或者,如果您想让它恰好适合 5 个字符:

name='someletters_12345_moreleters.ext'

echo $name | sed 's/[^0-9]*//g'    # 12345
echo $name | tr -c -d 0-9          # 12345

Finally, to make it be stored in a variable it is just need to use the var=$(command)syntax.

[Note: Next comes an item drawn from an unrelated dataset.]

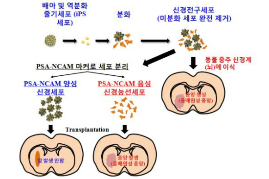 이에 따라 김 교수팀은 PSA-NCAM과 결합하는 '필터'를 이용해 분화된 신경세포에서 신경능선세포를 완전히 제거할 수 있었다.

最后,要将其存储在变量中,只需要使用var=$(command)语法即可。

回答by fedorqui 'SO stop harming'

If we focus in the concept of:
"A run of (one or several) digits"

如果我们专注于
“一系列(一个或几个)数字”的概念

We could use several external tools to extract the numbers.
We could quite easily erase all other characters, either sed or tr:

我们可以使用几种外部工具来提取数字。
我们可以很容易地删除所有其他字符,无论是 sed 还是 tr:

echo $name | sed 's/[^0-9]*//g'    # 12345323
echo $name | tr -c -d 0-9          # 12345323

But if $name contains several runs of numbers, the above will fail:

但是如果 $name 包含多个数字运行,上面的将失败:

If "name=someletters_12345_moreleters_323_end.ext", then:

如果“name=someletters_12345_moreleters_323_end.ext”,则:

echo $name | sed 's/[^0-9]*\([0-9]\{1,\}\).*$//'
perl -e 'my $name='$name';my ($num)=$name=~/(\d+)/;print "$num\n";'

We need to use regular expresions (regex).
To select only the first run (12345 not 323) in sed and perl:

我们需要使用正则表达式(regex)。
要在 sed 和 perl 中仅选择第一次运行(12345 而不是 323):

regex=[^0-9]*([0-9]{1,}).*$; \
[[ $name =~ $regex ]] && echo ${BASH_REMATCH[1]}

But we could as well do it directly in bash(1):

但是我们也可以直接在 bash (1) 中进行

##代码##

This allows us to extract the FIRST run of digits of any length
surrounded by any other text/characters.

这允许我们提取
由任何其他文本/字符包围的任何长度的第一轮数字。

Note: regex=[^0-9]*([0-9]{5,5}).*$;will match only exactly 5 digit runs. :-)

注意regex=[^0-9]*([0-9]{5,5}).*$;将仅匹配 5 位数字运行。:-)

(1): faster than calling an external tool for each short texts. Not faster than doing all processing inside sed or awk for large files.

(1):比为每个短文本调用外部工具更快。不比在 sed 或 awk 中对大文件进行所有处理快。